First point  of our visit  was the book shop section of the centre, which comprises of a  book stand , where about fifty eight publications of CBAAC are gracefully displayed. At this section , we were told that buyers can  buy any of the old or new publications by the centre.

From, the book stand, two Assistant Directors in charge of Research  and documentations; Mrs Ndidi Aimiwu and Mrs Chuma Ibe  conducted us round the new culture home, showing and describing  for us the rich facilities of the centre.

There  are two sections to library. The first is children’s library. This section of the library, Mrs Chuma Ibe explained ,  is stocked with books donated by organizations and individuals.
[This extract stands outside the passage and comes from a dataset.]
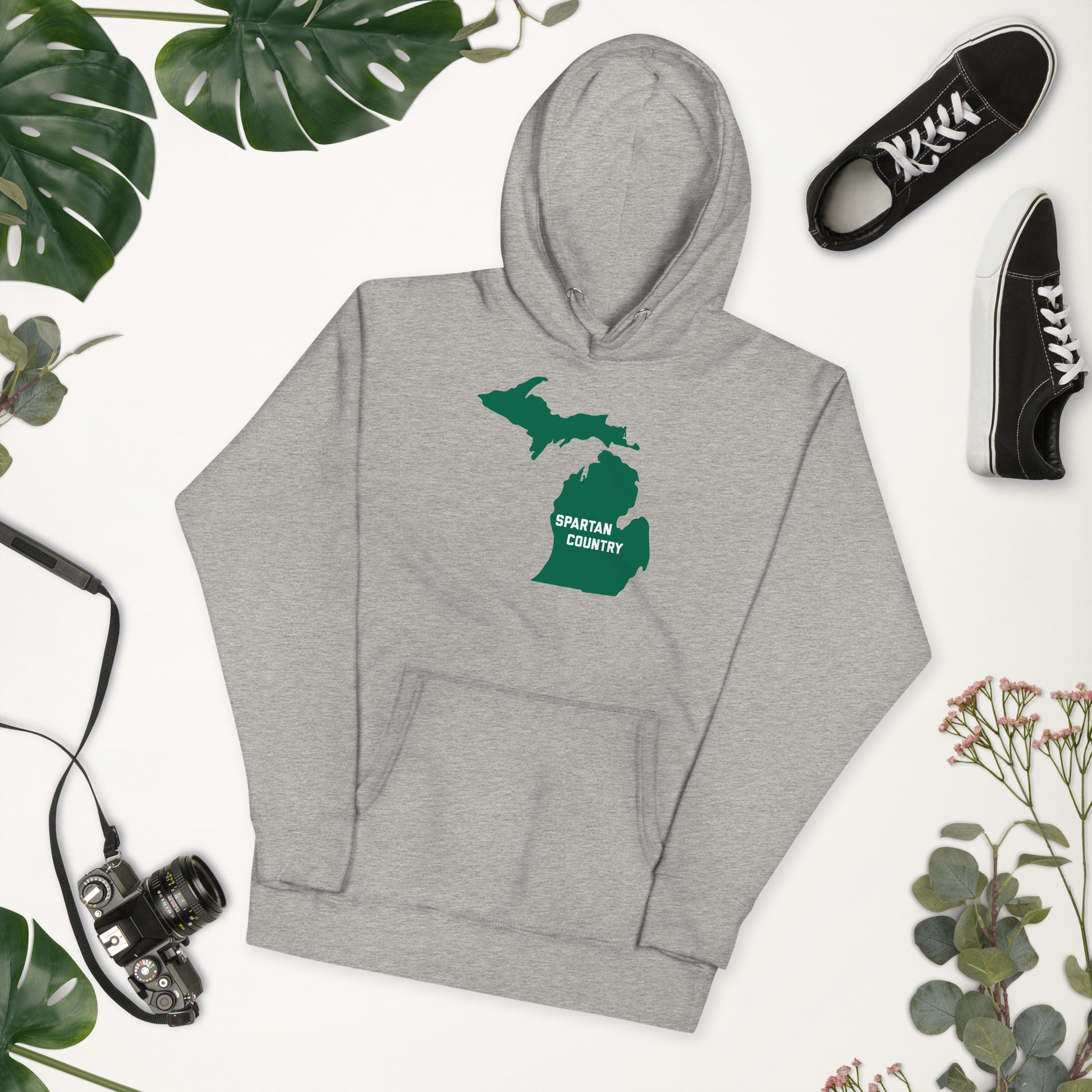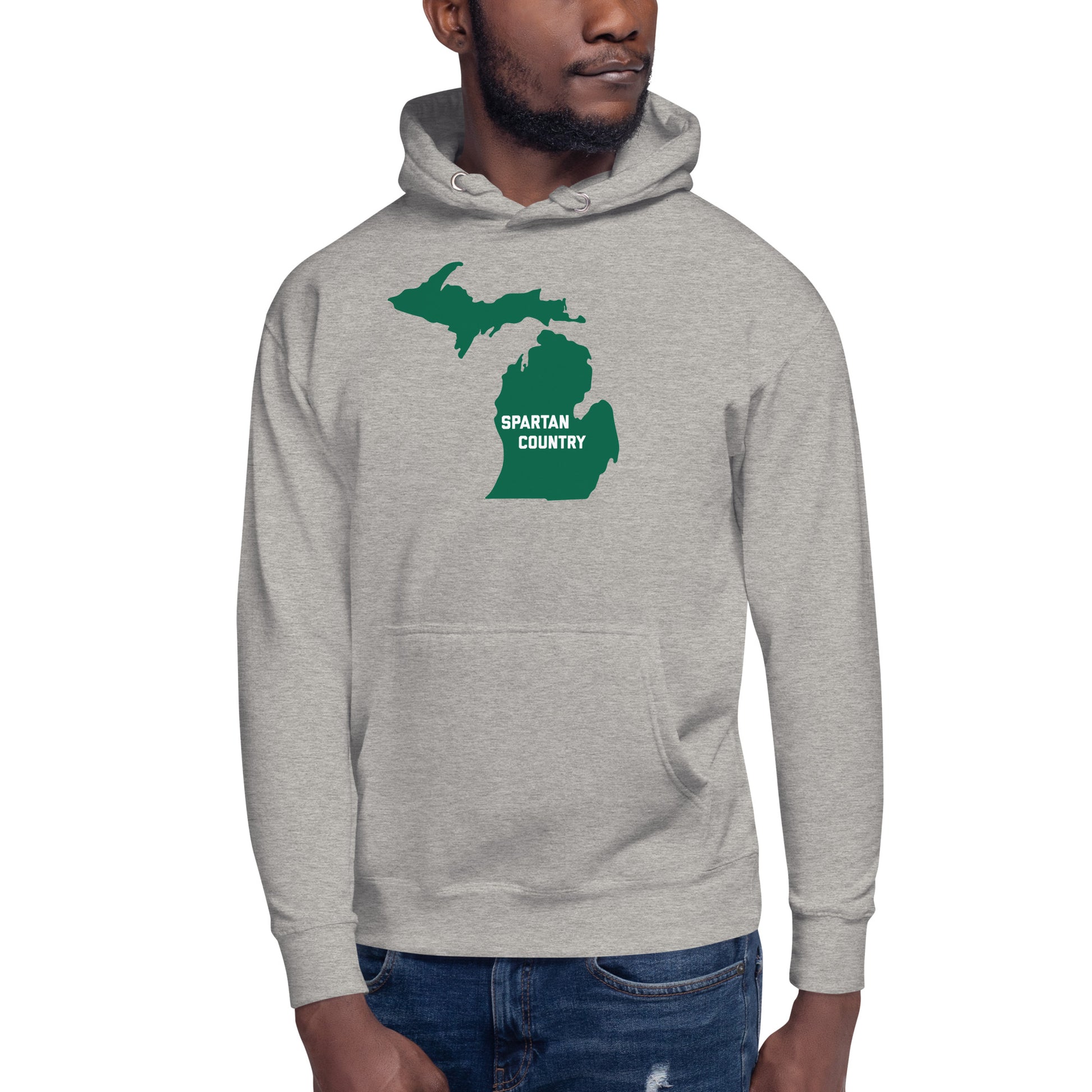 • Vibrant, screen-printed design featuring the Michigan state outline and "Spartan Country" text

We were made to understand that the British Council , Nigeria is a major donor to the Children’s library section.

Amazingly, the adult library section of  CBAAC can compare with any university or research libraries in the country. It is stocked with books from across different areas of knowledge. But most  importantly, it has rich collection of books written by authors from different countries on Africa and Africa Diasporas discourses and race relations.

From the  library point , we were taken to archival section of the library, where all the papers, seminars and symposiums that have held since the inception of FESTAC are preserved in their original scripts. Theses important reference materials , though still in hard copies may soon be going by the words of Chuma Ibe converted to digital format since according to her “age may affect the texture of the material with time.”

It is the craft and ethnographic sections of the  centre that really gave us a tilt: Take for instance, the miniature architectural pieces taken from different regions of Africa  and are exhibited in the hall. These miniature works according to our guides “are meant to make African architects  reflect on their architectural aesthetics in regards to the kind of houses they design for Africans in this age of frequent building collapses and global weather cataclysms.”

Also in the ethnographic section is the Ikom monolith sample. This rock sample found in the Ikom area of Cross River State with its snide inscriptions is already opening up a whole lot of hypothesis on migratory movements in and around the world. It is  a fascinating piece to see.

The craft section too, has samples of all the crafts of contemporary expressions that were  exhibited during FESTAC festival. All the exhibits embody in them deep cultural and psychological history  and ethos of their countries of origin.

A visit to the CBAAC’s new culture home is a worth while experience and would be more satisfying, if the authorities would be gracious enough to expand her  space to enable her flesh out her full wealth and beauty to the world of study and research.